You could make a case either way pretty easily. Considering if the US applied tomorrow the would have to fulfill all above criteria. Your feeling on the future US debt burden would weigh heavily on any opinion.

However, as I said Greece got in. IF the US was in the geographic area I would say with almost certainty they would be allowed in. Imagine the EMU without Germany or France. The US is a huge economy and would have to be a part of any monetary union.

Likewise, imagine Canada and Mexico creating a monetary union without the US. It would be absurd.

Posted by MSwizzle | Report as abusive

Great model Felix Inc.

Y.Alekseyev is correct, maybe you can republish with his stats or maybe some other more realistic feedbacks. That would supply you with content for 196 days for 196 countries: “Salmon’s Global Barometer”, maybe working from the best to the worst (to give them time to fix their numbers). The overlooked and -cooked variables will come out in the wash.

MSwizzle: The only way the US will survive is to form a monetary union with: its own Alaska, Hawaii, Canada, Latin America and Southern America. That’s the only way to counter BRIC.

Posted by Ghandiolfini | Report as abusive

Ghandiolfini: Canada in a monetary union with the US? No thanks. Our banking system is fine, thank you very much, and our federal government was paying down debt – fancy that, actually paying down debt – for many years before the financial crisis struck. Even now its annual deficit, around 5% of GDP, is manageable. The Brits wisely rejected adopting the Euro. Canadians will do the same in rejecting adoption of the greenback in any proposed monetary union.

Posted by Gotthardbahn | Report as abusive

Sorry Felix, but it’s really just a box with a load of numbers in it. The Greeks – the ones in charge, that is – had every incentive they could possibly need to get it right first time around, didn’t they? At least from their fellow countrymen’s perspective, they did.

And look what happened. No, they ought to be in a box.

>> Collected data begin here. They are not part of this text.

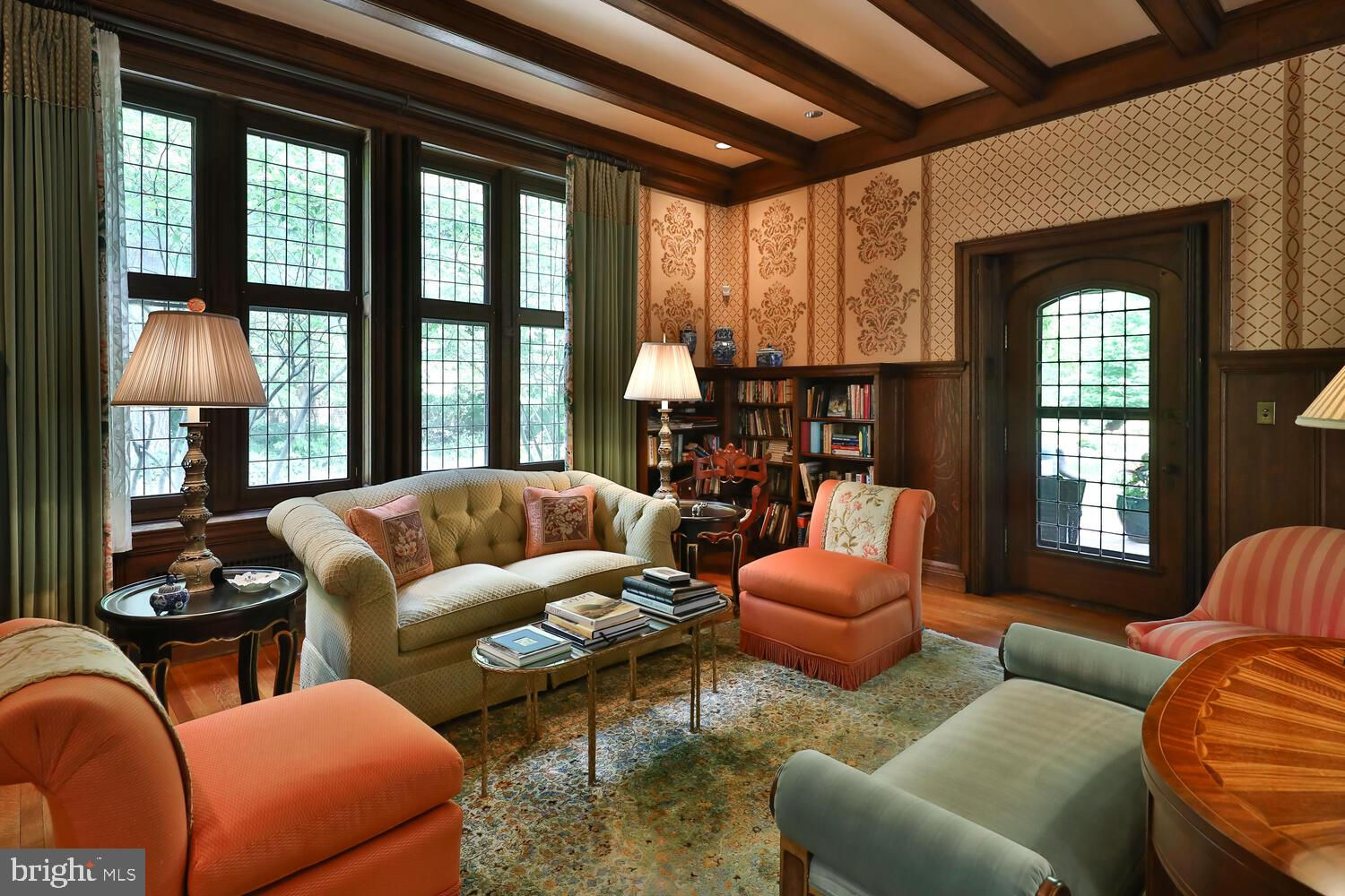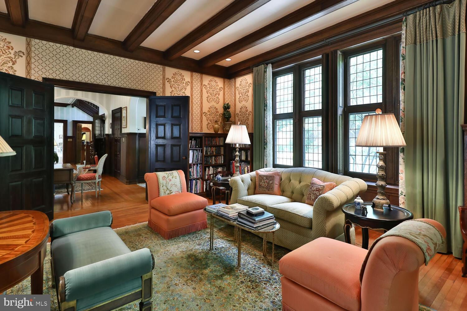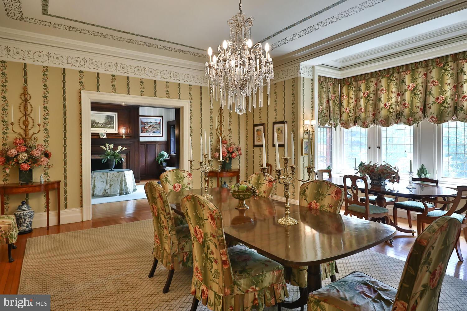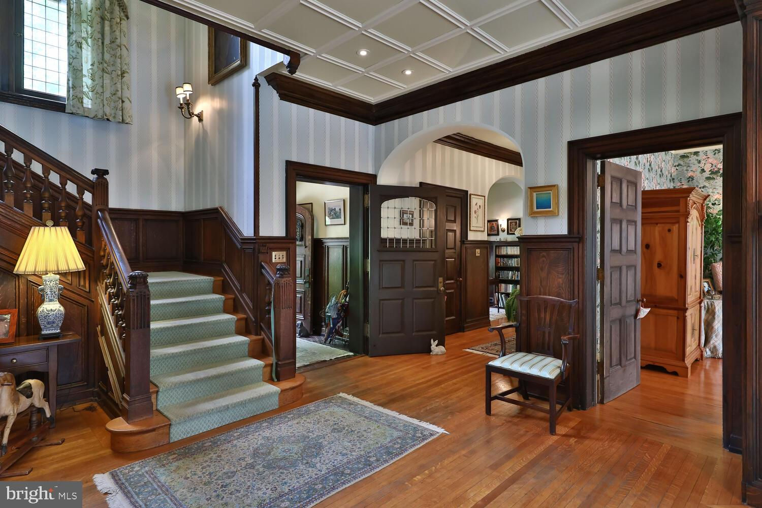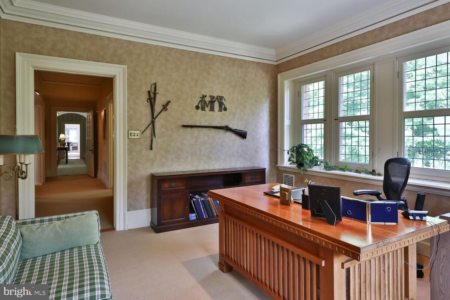 Every year, Americans scramble to the UK to walk the streets filled with history, and tour fine old houses. Why bother when you can own one of those fine homes, right here, in Philadelphia. Once in a generation opportunity to own one of the most significant properties in the city, "Binderton" was designed by Cope & Stewardson Architects (also designed for University of Pennsylvania and Princeton). The house was started in 1903 and finished in 1906. The renowned landscape architecture firm of the Olmsted Brothers was engaged to handle landscape, hardscape, and garden design. During their ownership, the present owners purchased 461 W Chestnut Hill Ave. (which had been subdivided from the original plot many years earlier) demolished the modest house that existed , and expanded the property and gardens, and redesigned the driveway. Situated on the quietest street in Chestnut Hill and surrounded by homes of equal caliber, Binderton stands out with its brilliant red brick construction and distinctive Jacobean Revival (or Jacobethan) style , with shaped parapets, and intricately designed chimneys. In most places, the house is designed only one room deep and was built linearly, near the property line at the high side. The brilliance of the Olmsted Brothers work is apparent in the brick walkway that rises elegantly from Towanda Street up a gradual hill with a low step every 20 feet or so. From the stone patio, enter the front door into the formal entry hall with main staircase at the back. The foyer is filled with natural light from two sides, a fireplace, a powder room, and a large coat room with window. Again from the entry hall, walk into, what was called in 1906, the "Ladies' Parlor", a sunny, elegant sitting room with big windows and a fireplace. The formal living room with two distinct seating areas, beamed ceiling , and wood burning fireplace can be accessed from the "ladies' parlor" or directly from a hallway. The exterior door off the living room leads to an open air loggia with tiled floor and finished ceiling. To the left of the front door, head to the formal dining room with fireplace, elegant crystal chandelier and room for a second dining table! The kitchen has everything you want. From the front hall, head through the butler's pantry with lighted cabinetry, porcelain sink , and dishwasher: a great spot to set up the bar on party nights. Further on you reach the supersized chef's kitchen with two sinks, three ovens, a six-burner range, banquette seating for conversation while prepping dinner, stools at the counter for breakfasts on a busy day, and a big table at the end of the house for casual dinners. Off the kitchen is a huge pantry area and laundry room. Beyond the kitchen end is a glassed in garden porch that will serve myriad functions that make daily living more convenient. Head up the carved and turned staircase and turn left at the top to reach the primary suite, that includes the bedroom with fireplace and door to second floor balcony, a cozy sitting room, great for reading or streaming late into the night, a beautiful, bright corner office/den, and a spacious bathroom with two sinks and walk-in shower. On the second floor to the right of the main stair are four additional bedrooms, two of which share a jack-and-jill bath ; and two others that share an additional hall bath. The third floor has three bedrooms, a full bath, and a large central room, perfect for play or privacy. The 1.6 acres that surround the house defy description. Mature trees, abundant perennial beds, lush lawns, and garden rooms; one prettier than the next. The main focus in the summer is the pool area. Exquisitely private with its walled garden, and elegant brick veranda, it is here where you can escape from the sun and the world. Built to span the ages, Binderton will pass to someone who loves grand old houses and understands stewardship.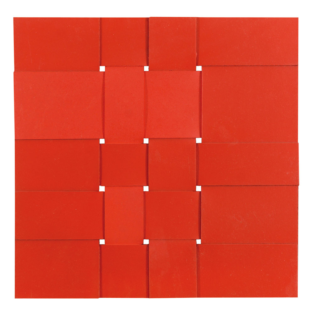 smalto acrilico rosso su cartone intrecciato cm. 50x50,5; firma, titolo, anno, tecnica e timbro della Galleria Visualità (MI) al retro, dichiarazione d'autenticità e archivio dell'artista su foto, entro teca in plexiglass.
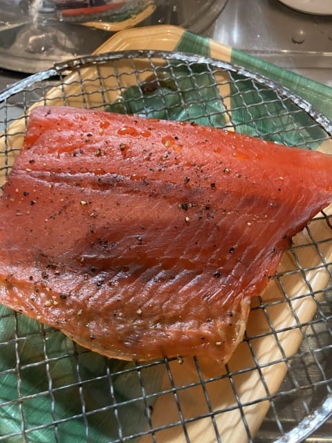 簡単だけど、このやり方が出来上がる何かはそもそも「鮭とば」なのかとか、食中毒を予防できているのか、アニサキスなど寄生虫は大丈夫か、とかは不明です。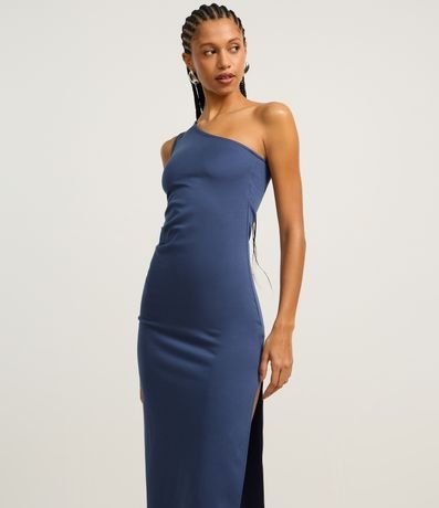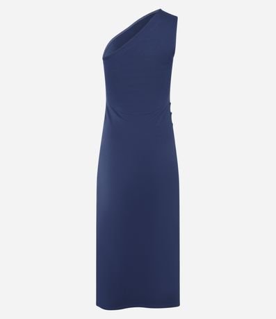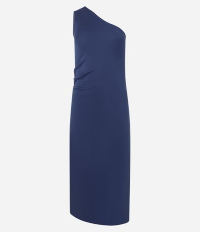Ref: Vestido ajustado confeccionado em malha ponto roma, com comprimento new midi e decote de ombro único. Sem estampa, possui detalhe de drapeado lateral.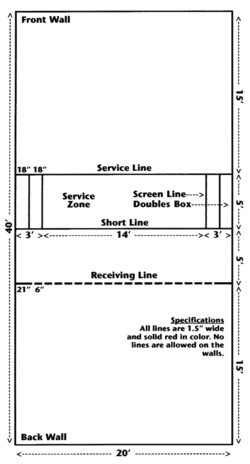 Pratiqué sur un terrain fermé (12,20 m de profondeur, 6,10 m de largeur et 6,10 m sous plafond), on peut utiliser toutes les surfaces pour faire rebondir la balle vers le mur frontal. La balle officielle fait 5,71 cm de diamètre et pèse environ 39,7 g[1]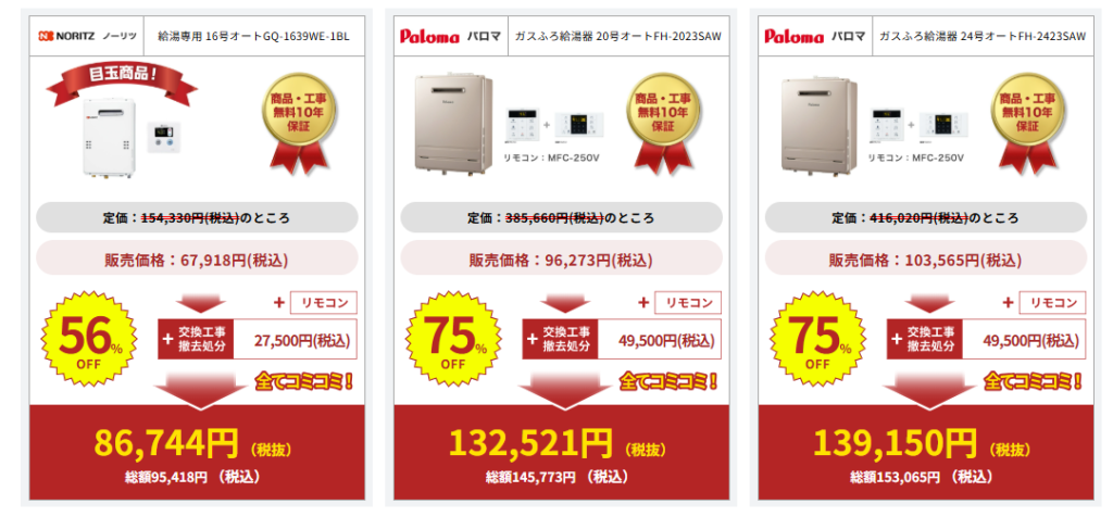 給湯器駆けつけ隊は、メーカーからの直接仕入れ+自社スタッフ施工だから、中間マージンをカット。だからこそ、本体価格が最大91%OFFという圧倒的な安さを実現しています。
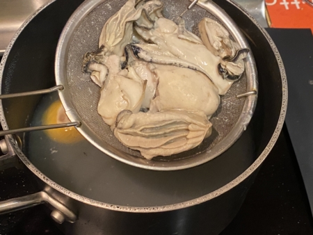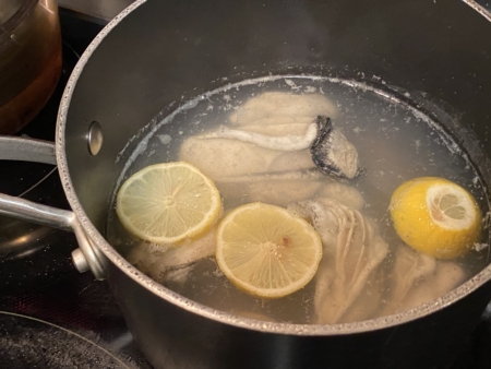 1. 生蠔洗淨後,放入一鍋熱水中,加入檸檬片及薑汁。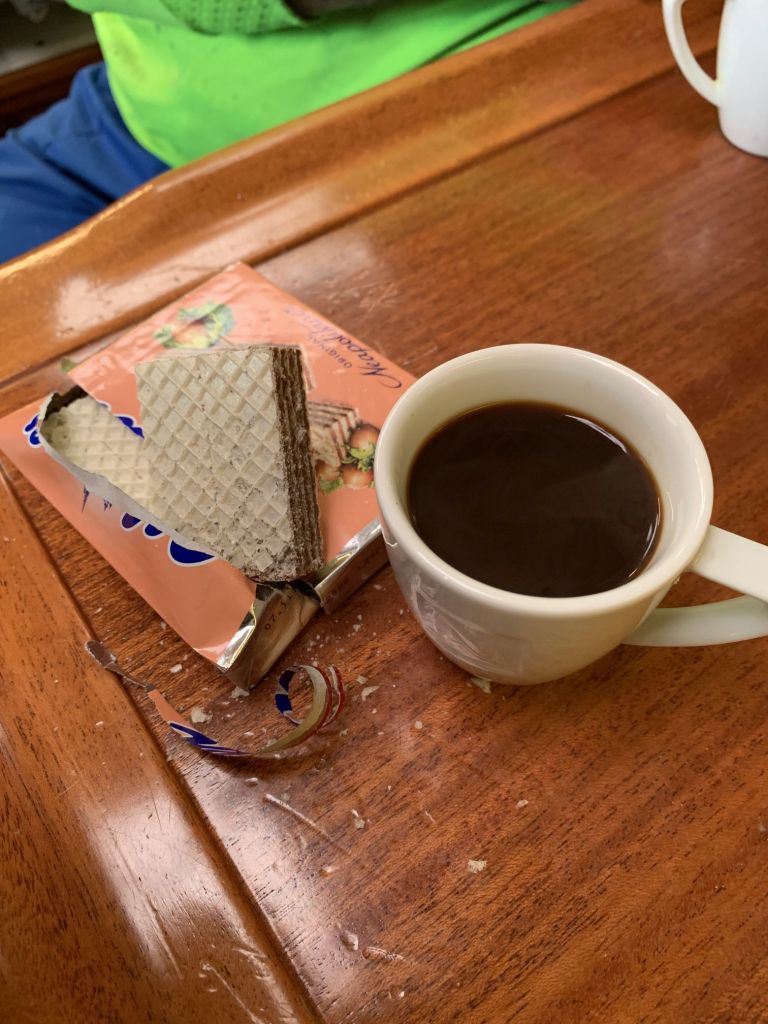 Am nächsten Morgen sitzen Sibylle und ich etwas länger bei Kaffee und Tee, das Wetter lädt nicht zum Verlassen des Schiffes.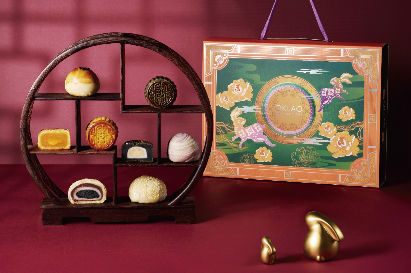 【中秋月餅精品掛耳組】 以金黃色代表著秋月的金黃滿月 搭配著帶著花朵圖式的玉兔奔月 四周以牡丹插畫代表著富貴榮華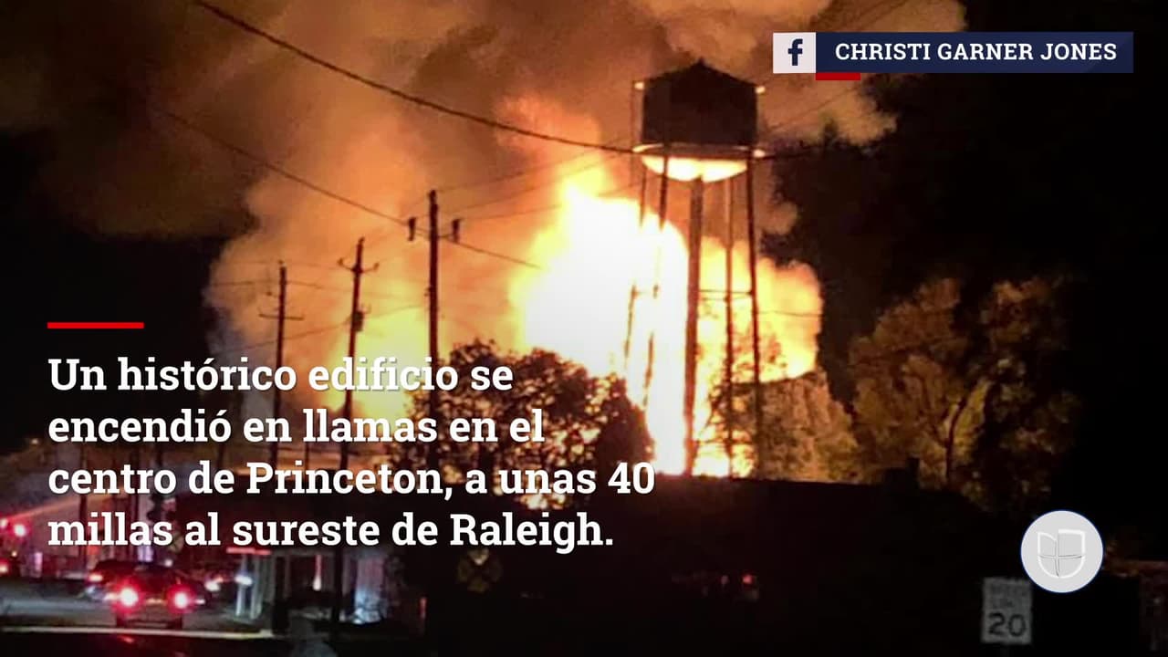 PRINCETON, Carolina del Norte.- Un histórico edificio se encendió en llamas en el centro de Princeton, a unas 40 millas al sureste de Raleigh. Más de 15 bomberos llegaron la noche del miércoles para evitar que el fuego se propagara.
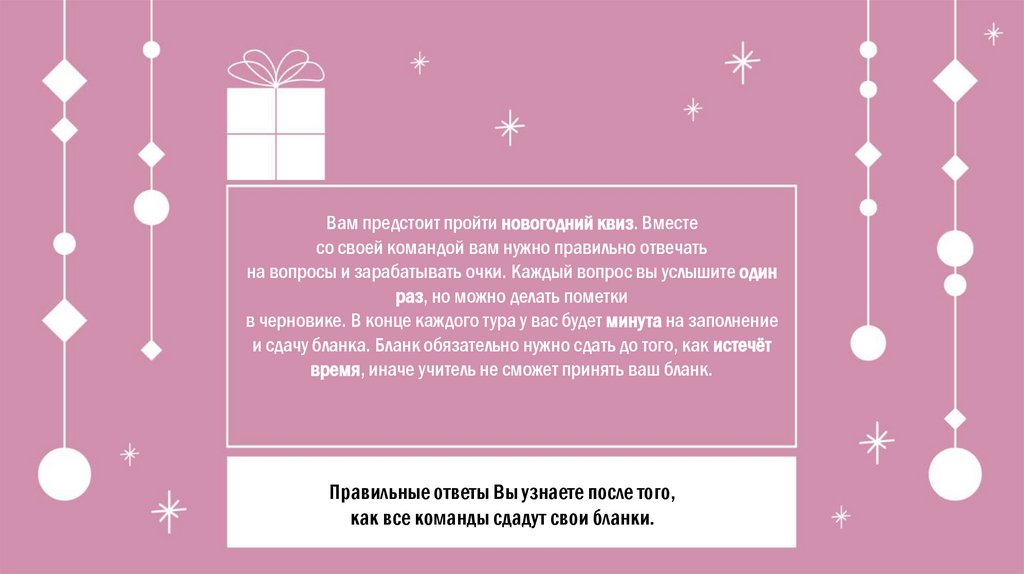 Вам предстоит пройти новогодний квиз. Вместесо своей командой вам нужно правильно отвечать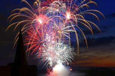 Fourth of July in Bethlehem concluded with the city’s traditional fireworks display. Launched from the centrally located Sand Island along the Lehigh River, the pyrotechnics give residents many vantage points from which to enjoy the sounds and colorful bursts as the nation celebrates its independence. This view is from St. Michael’s Cemetery.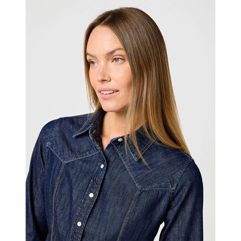 Эта джинсовая рубашка с длинным рукавом, вдохновленная деталями в стиле вестерн, готова к работе, выходным и всему, что между ними.

Posted by HBC | Report as abusive

Greece is going to continue to be a huge problem for Euro land until they default. That’s when the fun starts

Posted by Storyburncom_is | Report as abusive

Felix–do you have one of these for Ireland? It would be great to see it. Any thoughts on Irish deflationary pressure? Having nationalized the banks, the government is in the process of getting the taxpayers to buyout all the caustic debt (through NAMA)–but will Ireland go the way of Greece?

Posted by JustJustin | Report as abusive

Good little spreadsheet, love the projecting capability

I have had a stab myself at constructing a spreadsheet about the crisis.